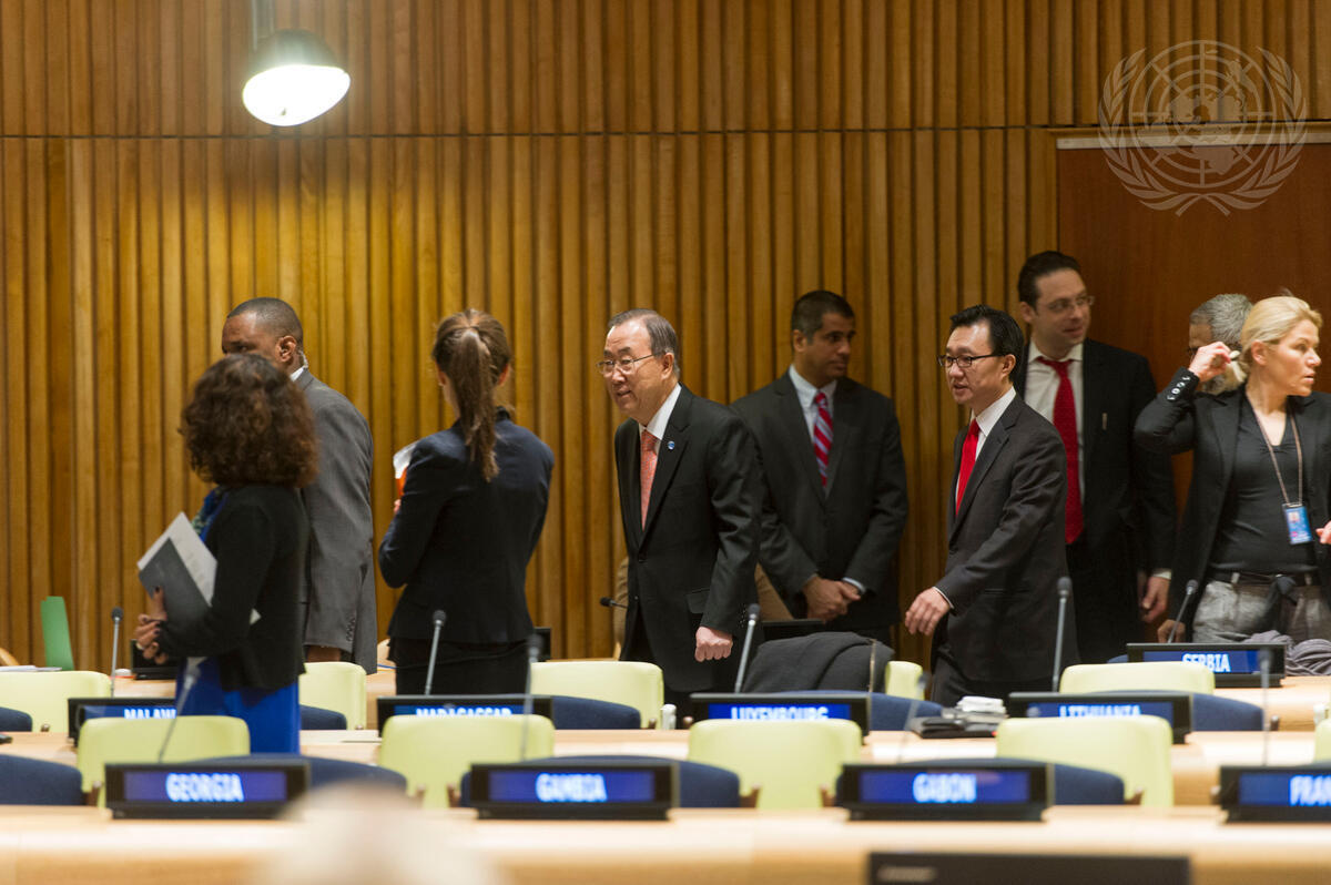 Secretary-General Ban Ki-moon (centre) arrives to brief the Assembly.
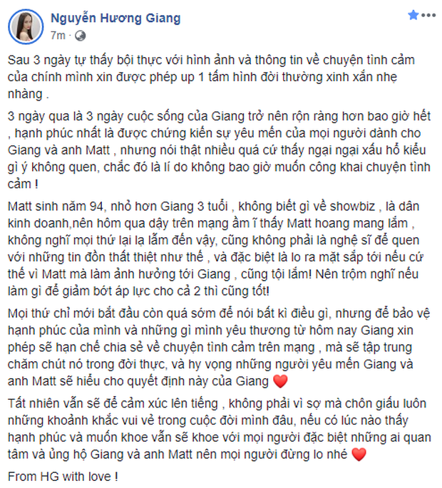 Cách đây không lâu, Hương Giang từng thu hút đông đảo sự chú ý khi cho biết sau hàng loạt lùm xùm khiến cuộc sống của cả hai xáo trộn, nữ ca sĩ và Matt Liu quyết định sẽ hạn chế chia sẻ chuyện tình cảm trên mạng, tập trung chăm chút tình yêu ngoài đời thay vì trên MXH. Cặp đôi hy vọng người hâm mộ sẽ hiểu cho quyết định này.
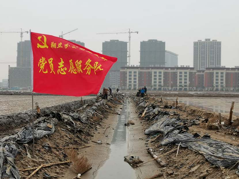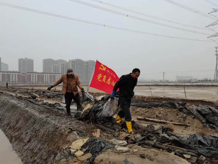 勞動現(xiàn)場,鮮紅的“黨員突擊隊”旗幟迎風飄揚,凜冽的寒風夾雜著細雨,絲毫不減大家的勞動熱情,個個汗流浹背、滿身泥漿,不怕臟不怕累,經過3個小時的突擊勞動,共清理1200米、16車池埝垃圾。

+++

*The task*. Transcribe the whole listing exactly. Pictures stay out of your copy.

*Answer space*.
 Secretary-General Ban Ki-moon (centre) arrives to brief the Assembly.
 Cách đây không lâu, Hương Giang từng thu hút đông đảo sự chú ý khi cho biết sau hàng loạt lùm xùm khiến cuộc sống của cả hai xáo trộn, nữ ca sĩ và Matt Liu quyết định sẽ hạn chế chia sẻ chuyện tình cảm trên mạng, tập trung chăm chút tình yêu ngoài đời thay vì trên MXH. Cặp đôi hy vọng người hâm mộ sẽ hiểu cho quyết định này.
 勞動現(xiàn)場,鮮紅的“黨員突擊隊”旗幟迎風飄揚,凜冽的寒風夾雜著細雨,絲毫不減大家的勞動熱情,個個汗流浹背、滿身泥漿,不怕臟不怕累,經過3個小時的突擊勞動,共清理1200米、16車池埝垃圾。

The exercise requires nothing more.